Try it: In the data below, find the line containing "Kemény kartonból készült" and the line containing "The American yellow", then reproduce them and every line between, exactly. Omit pictures.

Task input:

---*---

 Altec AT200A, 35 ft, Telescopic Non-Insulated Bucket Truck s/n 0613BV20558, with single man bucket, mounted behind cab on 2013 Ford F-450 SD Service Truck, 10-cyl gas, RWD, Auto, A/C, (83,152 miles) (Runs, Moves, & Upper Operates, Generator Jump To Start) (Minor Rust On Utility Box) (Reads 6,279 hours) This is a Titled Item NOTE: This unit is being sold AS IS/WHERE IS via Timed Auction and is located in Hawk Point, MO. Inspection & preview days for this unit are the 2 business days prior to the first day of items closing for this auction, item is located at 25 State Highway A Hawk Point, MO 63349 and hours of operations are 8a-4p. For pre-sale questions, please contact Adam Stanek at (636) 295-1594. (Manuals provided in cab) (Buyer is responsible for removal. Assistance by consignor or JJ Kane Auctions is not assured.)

---*---

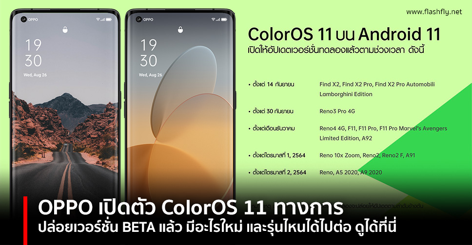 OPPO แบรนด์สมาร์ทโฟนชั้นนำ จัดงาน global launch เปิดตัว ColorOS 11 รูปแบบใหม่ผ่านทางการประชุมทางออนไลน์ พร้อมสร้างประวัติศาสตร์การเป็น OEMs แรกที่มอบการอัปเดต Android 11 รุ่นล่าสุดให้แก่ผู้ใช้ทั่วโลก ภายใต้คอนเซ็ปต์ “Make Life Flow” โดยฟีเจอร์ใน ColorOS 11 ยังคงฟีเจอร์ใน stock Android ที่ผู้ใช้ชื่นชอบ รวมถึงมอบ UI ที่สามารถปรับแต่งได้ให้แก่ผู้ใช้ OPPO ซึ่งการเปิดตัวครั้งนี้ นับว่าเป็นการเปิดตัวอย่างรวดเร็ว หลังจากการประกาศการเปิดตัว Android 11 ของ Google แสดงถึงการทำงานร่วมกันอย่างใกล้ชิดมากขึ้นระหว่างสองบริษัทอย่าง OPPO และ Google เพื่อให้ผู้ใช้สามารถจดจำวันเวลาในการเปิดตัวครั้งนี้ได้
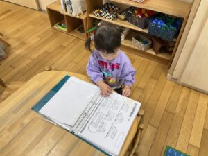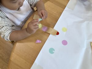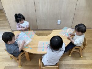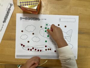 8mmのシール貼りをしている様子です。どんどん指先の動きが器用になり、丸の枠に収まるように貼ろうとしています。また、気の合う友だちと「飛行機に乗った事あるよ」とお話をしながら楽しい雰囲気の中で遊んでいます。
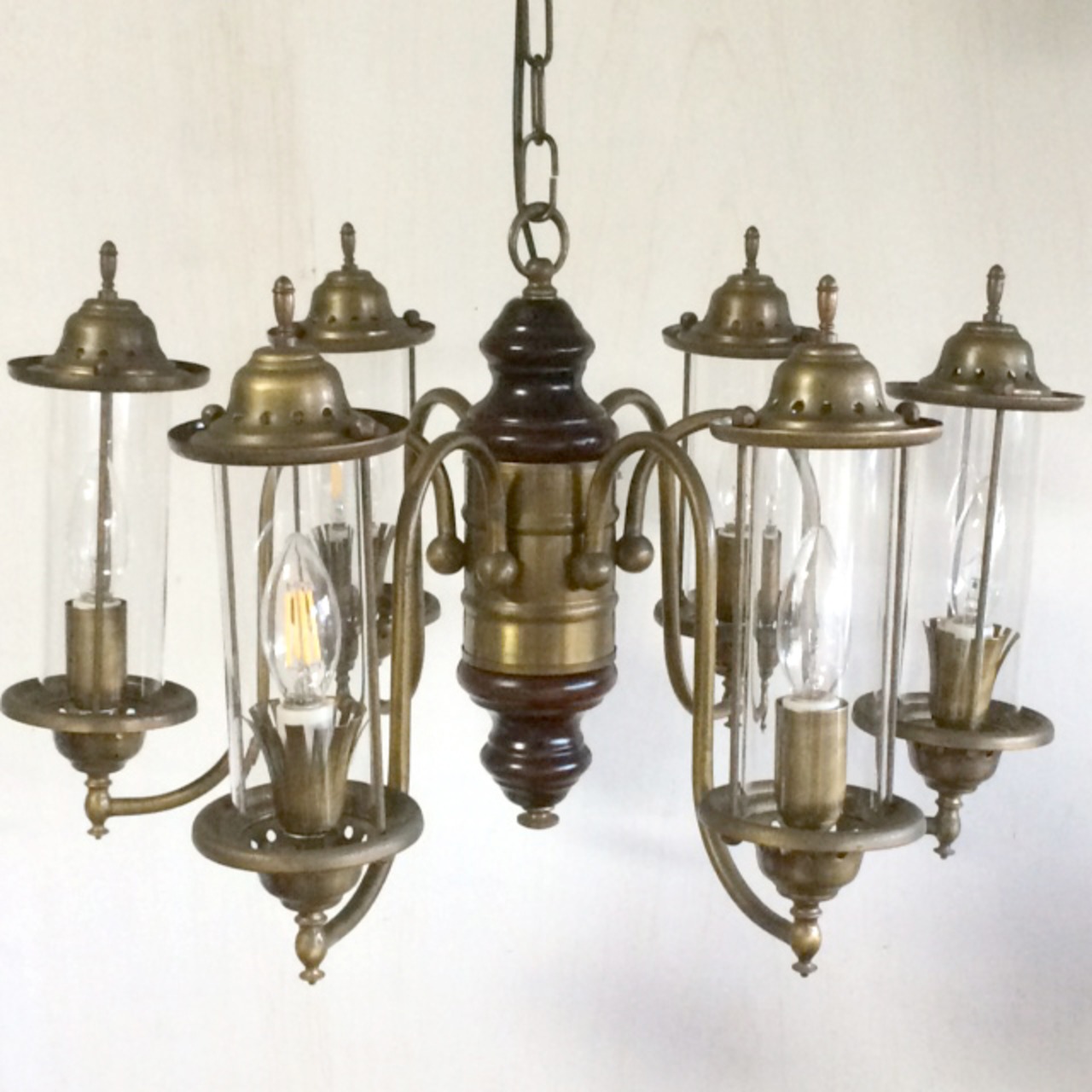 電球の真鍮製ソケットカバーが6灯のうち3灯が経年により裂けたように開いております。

---*---

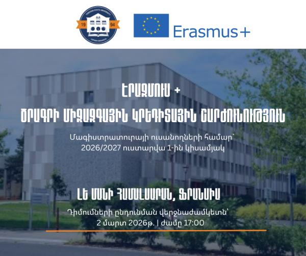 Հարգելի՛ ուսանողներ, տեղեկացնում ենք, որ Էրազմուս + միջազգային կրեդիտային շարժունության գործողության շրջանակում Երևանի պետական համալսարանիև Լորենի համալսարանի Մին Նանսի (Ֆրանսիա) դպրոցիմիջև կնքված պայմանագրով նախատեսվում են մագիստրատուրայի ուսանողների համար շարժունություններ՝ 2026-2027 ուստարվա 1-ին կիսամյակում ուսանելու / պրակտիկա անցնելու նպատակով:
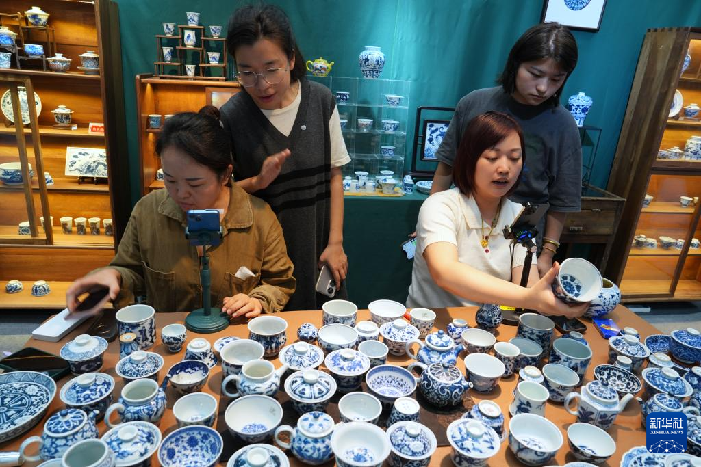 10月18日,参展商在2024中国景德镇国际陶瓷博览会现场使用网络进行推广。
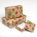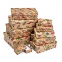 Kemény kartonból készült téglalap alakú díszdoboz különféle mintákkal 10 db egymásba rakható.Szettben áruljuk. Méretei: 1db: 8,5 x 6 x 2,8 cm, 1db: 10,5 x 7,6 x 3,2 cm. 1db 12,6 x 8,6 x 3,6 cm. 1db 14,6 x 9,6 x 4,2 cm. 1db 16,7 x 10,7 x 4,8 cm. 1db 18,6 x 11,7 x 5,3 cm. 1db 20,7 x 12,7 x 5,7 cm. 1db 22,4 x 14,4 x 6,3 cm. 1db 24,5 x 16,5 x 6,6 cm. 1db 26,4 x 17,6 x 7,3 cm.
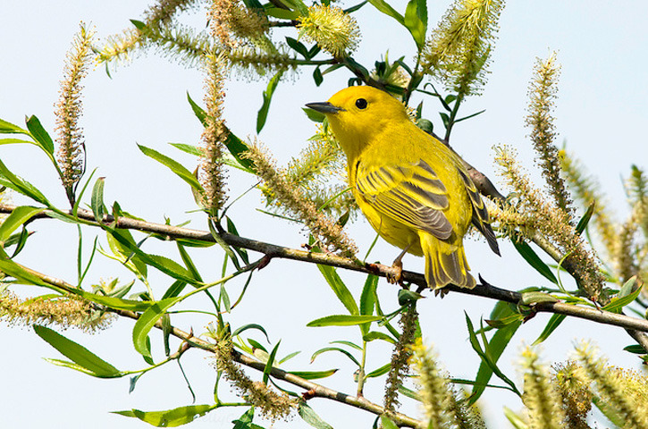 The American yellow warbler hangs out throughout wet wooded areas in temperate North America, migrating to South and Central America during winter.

---*---

Exercise response:
 Kemény kartonból készült téglalap alakú díszdoboz különféle mintákkal 10 db egymásba rakható.Szettben áruljuk. Méretei: 1db: 8,5 x 6 x 2,8 cm, 1db: 10,5 x 7,6 x 3,2 cm. 1db 12,6 x 8,6 x 3,6 cm. 1db 14,6 x 9,6 x 4,2 cm. 1db 16,7 x 10,7 x 4,8 cm. 1db 18,6 x 11,7 x 5,3 cm. 1db 20,7 x 12,7 x 5,7 cm. 1db 22,4 x 14,4 x 6,3 cm. 1db 24,5 x 16,5 x 6,6 cm. 1db 26,4 x 17,6 x 7,3 cm.
 The American yellow warbler hangs out throughout wet wooded areas in temperate North America, migrating to South and Central America during winter.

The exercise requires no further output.